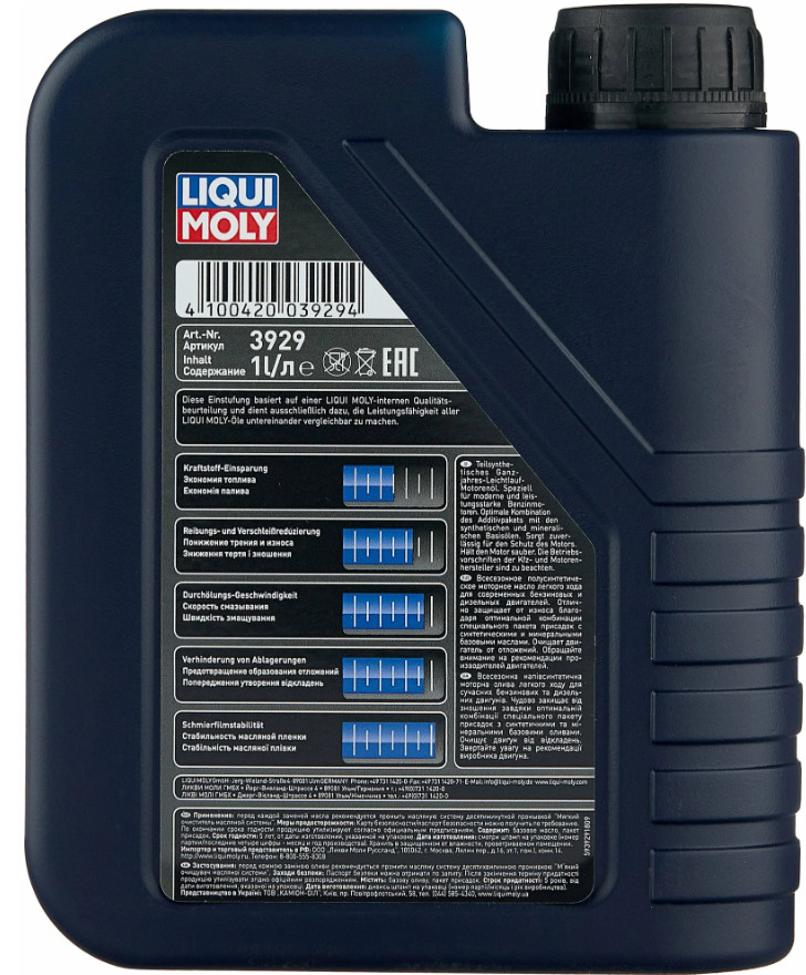 Liqui Moly Optimal 10W-40 -полусинтетическое масло в литровой упаковке. Создано для поддержания работоспособности двигателей с пробегом. Его эффективные моющие присадки постепенно очищают внутренние поверхности от накопившихся отложений, не забивая при этом масляные каналы. Противоизносные компоненты защищают кулачки распредвалов и коренные вкладыши. Оптимальный вариант для долива в двигатели, где используется полусинтетика 10W-40, а также для поддержания уровня после незначительного расхода масла на угар. |
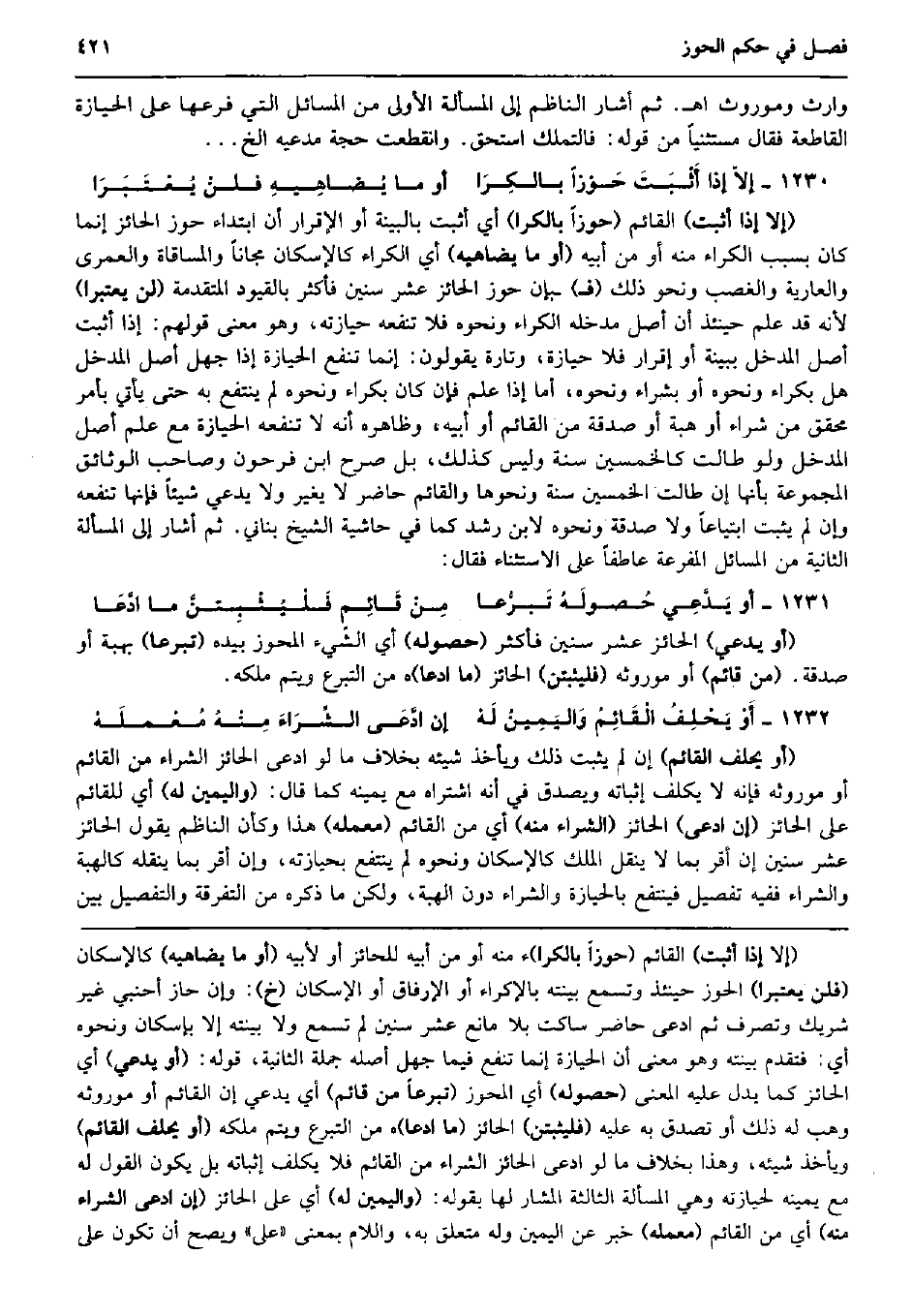 وَارِث وموروث اه. ثمَّ أَشَارَ النَّاظِم إِلَى الْمَسْأَلَة الأولى من الْمسَائِل الَّتِي فرعها على الْحِيَازَة القاطعة فَقَالَ مستثنياً من قَوْله: فالتملك اسْتحق. وانقطعت حجَّة مدعيه الخ ... إلاّ إِذا أَثْبَتَ حَوْزاً بالكِرَا أَو مَا يُضاهِيهِ فلنْ يُعْتَبَرَا (إِلَّا إِذا أثبت) الْقَائِم (حوزاً بالكرا) أَي أثبت بِالْبَيِّنَةِ أَو الْإِقْرَار أَن ابْتِدَاء حوز الْحَائِز إِنَّمَا كَانَ بِسَبَب الْكِرَاء مِنْهُ أَو من أَبِيه (أَو مَا يضاهيه) أَي الْكِرَاء كالإسكان مجَّانا وَالْمُسَاقَاة والعمرى وَالْعَارِية وَالْغَصْب وَنَحْو ذَلِك (ف) بإن حوز الْحَائِز عشر سِنِين فَأكْثر بالقيود الْمُتَقَدّمَة (لن يعتبرا) لِأَنَّهُ قد علم حِينَئِذٍ أَن أصل مدخله الْكِرَاء وَنَحْوه فَلَا تَنْفَعهُ حيازته، وَهُوَ معنى قَوْلهم: إِذا أثبت أصل الْمدْخل بِبَيِّنَة أَو إِقْرَار فَلَا حِيَازَة، وَتارَة يَقُولُونَ: إِنَّمَا تَنْفَع الْحِيَازَة إِذا جهل أصل الْمدْخل هَل بكرَاء وَنَحْوه أَو بشرَاء وَنَحْوه، أما إِذا علم فَإِن كَانَ بكرَاء وَنَحْوه لم ينْتَفع بِهِ حَتَّى يَأْتِي بِأَمْر مُحَقّق من شِرَاء أَو هبة أَو صَدَقَة من الْقَائِم أَو أَبِيه، وَظَاهره أَنه لَا تَنْفَعهُ الْحِيَازَة مَعَ علم أصل الْمدْخل وَلَو طَالَتْ كالخمسين سنة وَلَيْسَ كَذَلِك، بل صرح ابْن فَرِحُونَ وَصَاحب الوثائق الْمَجْمُوعَة بِأَنَّهَا إِن طَالَتْ الْخمسين سنة وَنَحْوهَا والقائم حَاضر لَا يُغير وَلَا يَدعِي شَيْئا فَإِنَّهَا تَنْفَعهُ وَإِن لم يثبت ابتياعاً وَلَا صَدَقَة وَنَحْوه لِابْنِ رشد كَمَا فِي حَاشِيَة الشَّيْخ بناني. ثمَّ أَشَارَ إِلَى الْمَسْأَلَة الثَّانِيَة من الْمسَائِل المفرعة عاطفاً على الِاسْتِثْنَاء فَقَالَ: أَو يَدَّعِي حُصولَهُ تَبرُّعا مِنْ قَائِمٍ فَلْيُثْبِتنَّ مَا ادَّعَا (أَو يَدعِي) الْحَائِز عشر سِنِين فَأكْثر (حُصُوله) أَي الشَّيْء المحوز بِيَدِهِ (تَبَرعا) بِهِبَة أَو صَدَقَة. (من قَائِم) أَو موروثه (فليثبتن) الْحَائِز (مَا ادعا) هـ من التَّبَرُّع وَيتم ملكه. أَوْ يَحْلِفُ الْقَائِمُ وَاليَمِينُ لَهْ إِن ادَّعَى الشِّرَاءَ مِنْهُ مُعْملَهْ (أَو يحلف الْقَائِم) إِن لم يثبت ذَلِك وَيَأْخُذ شَيْئه بِخِلَاف مَا لَو ادّعى الْحَائِز الشِّرَاء من الْقَائِم أَو موروثه فَإِنَّهُ لَا يُكَلف إثْبَاته وَيصدق فِي أَنه اشْتَرَاهُ مَعَ يَمِينه كَمَا قَالَ: (وَالْيَمِين لَهُ) أَي للقائم على الْحَائِز (إِن ادّعى) الْحَائِز (الشِّرَاء مِنْهُ) أَي من الْقَائِم (معمله) هَذَا وَكَأن النَّاظِم يَقُول الْحَائِز عشر سِنِين إِن أقرّ بِمَا لَا ينْقل الْملك كالإسكان وَنَحْوه لم ينْتَفع بحيازته، وَإِن أقرّ بِمَا يَنْقُلهُ كَالْهِبَةِ وَالشِّرَاء فَفِيهِ تَفْصِيل فينتفع بالحيازة وَالشِّرَاء دون الْهِبَة، وَلَكِن مَا ذكره من التَّفْرِقَة وَالتَّفْصِيل
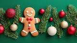 Gingerbread Man Cookie With Christmas Ornaments And Pine Branches On Green Background For Holiday Season And Festive Decorations
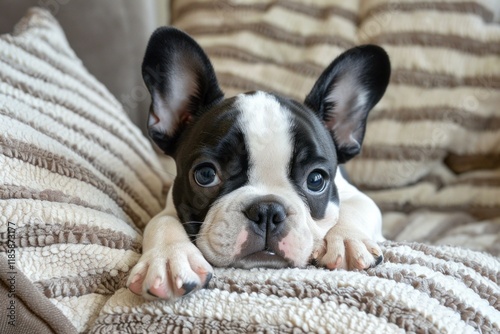 Cute french bulldog puppy resting on a comfortable cushion, enjoying a moment of peace

→ **The task**: Repeat the listing word for word, and skip every picture it contains.

→ **Task output**:
 Liqui Moly Optimal 10W-40 -полусинтетическое масло в литровой упаковке. Создано для поддержания работоспособности двигателей с пробегом. Его эффективные моющие присадки постепенно очищают внутренние поверхности от накопившихся отложений, не забивая при этом масляные каналы. Противоизносные компоненты защищают кулачки распредвалов и коренные вкладыши. Оптимальный вариант для долива в двигатели, где используется полусинтетика 10W-40, а также для поддержания уровня после незначительного расхода масла на угар. |
 وَارِث وموروث اه. ثمَّ أَشَارَ النَّاظِم إِلَى الْمَسْأَلَة الأولى من الْمسَائِل الَّتِي فرعها على الْحِيَازَة القاطعة فَقَالَ مستثنياً من قَوْله: فالتملك اسْتحق. وانقطعت حجَّة مدعيه الخ ... إلاّ إِذا أَثْبَتَ حَوْزاً بالكِرَا أَو مَا يُضاهِيهِ فلنْ يُعْتَبَرَا (إِلَّا إِذا أثبت) الْقَائِم (حوزاً بالكرا) أَي أثبت بِالْبَيِّنَةِ أَو الْإِقْرَار أَن ابْتِدَاء حوز الْحَائِز إِنَّمَا كَانَ بِسَبَب الْكِرَاء مِنْهُ أَو من أَبِيه (أَو مَا يضاهيه) أَي الْكِرَاء كالإسكان مجَّانا وَالْمُسَاقَاة والعمرى وَالْعَارِية وَالْغَصْب وَنَحْو ذَلِك (ف) بإن حوز الْحَائِز عشر سِنِين فَأكْثر بالقيود الْمُتَقَدّمَة (لن يعتبرا) لِأَنَّهُ قد علم حِينَئِذٍ أَن أصل مدخله الْكِرَاء وَنَحْوه فَلَا تَنْفَعهُ حيازته، وَهُوَ معنى قَوْلهم: إِذا أثبت أصل الْمدْخل بِبَيِّنَة أَو إِقْرَار فَلَا حِيَازَة، وَتارَة يَقُولُونَ: إِنَّمَا تَنْفَع الْحِيَازَة إِذا جهل أصل الْمدْخل هَل بكرَاء وَنَحْوه أَو بشرَاء وَنَحْوه، أما إِذا علم فَإِن كَانَ بكرَاء وَنَحْوه لم ينْتَفع بِهِ حَتَّى يَأْتِي بِأَمْر مُحَقّق من شِرَاء أَو هبة أَو صَدَقَة من الْقَائِم أَو أَبِيه، وَظَاهره أَنه لَا تَنْفَعهُ الْحِيَازَة مَعَ علم أصل الْمدْخل وَلَو طَالَتْ كالخمسين سنة وَلَيْسَ كَذَلِك، بل صرح ابْن فَرِحُونَ وَصَاحب الوثائق الْمَجْمُوعَة بِأَنَّهَا إِن طَالَتْ الْخمسين سنة وَنَحْوهَا والقائم حَاضر لَا يُغير وَلَا يَدعِي شَيْئا فَإِنَّهَا تَنْفَعهُ وَإِن لم يثبت ابتياعاً وَلَا صَدَقَة وَنَحْوه لِابْنِ رشد كَمَا فِي حَاشِيَة الشَّيْخ بناني. ثمَّ أَشَارَ إِلَى الْمَسْأَلَة الثَّانِيَة من الْمسَائِل المفرعة عاطفاً على الِاسْتِثْنَاء فَقَالَ: أَو يَدَّعِي حُصولَهُ تَبرُّعا مِنْ قَائِمٍ فَلْيُثْبِتنَّ مَا ادَّعَا (أَو يَدعِي) الْحَائِز عشر سِنِين فَأكْثر (حُصُوله) أَي الشَّيْء المحوز بِيَدِهِ (تَبَرعا) بِهِبَة أَو صَدَقَة. (من قَائِم) أَو موروثه (فليثبتن) الْحَائِز (مَا ادعا) هـ من التَّبَرُّع وَيتم ملكه. أَوْ يَحْلِفُ الْقَائِمُ وَاليَمِينُ لَهْ إِن ادَّعَى الشِّرَاءَ مِنْهُ مُعْملَهْ (أَو يحلف الْقَائِم) إِن لم يثبت ذَلِك وَيَأْخُذ شَيْئه بِخِلَاف مَا لَو ادّعى الْحَائِز الشِّرَاء من الْقَائِم أَو موروثه فَإِنَّهُ لَا يُكَلف إثْبَاته وَيصدق فِي أَنه اشْتَرَاهُ مَعَ يَمِينه كَمَا قَالَ: (وَالْيَمِين لَهُ) أَي للقائم على الْحَائِز (إِن ادّعى) الْحَائِز (الشِّرَاء مِنْهُ) أَي من الْقَائِم (معمله) هَذَا وَكَأن النَّاظِم يَقُول الْحَائِز عشر سِنِين إِن أقرّ بِمَا لَا ينْقل الْملك كالإسكان وَنَحْوه لم ينْتَفع بحيازته، وَإِن أقرّ بِمَا يَنْقُلهُ كَالْهِبَةِ وَالشِّرَاء فَفِيهِ تَفْصِيل فينتفع بالحيازة وَالشِّرَاء دون الْهِبَة، وَلَكِن مَا ذكره من التَّفْرِقَة وَالتَّفْصِيل
 Gingerbread Man Cookie With Christmas Ornaments And Pine Branches On Green Background For Holiday Season And Festive Decorations
 Cute french bulldog puppy resting on a comfortable cushion, enjoying a moment of peace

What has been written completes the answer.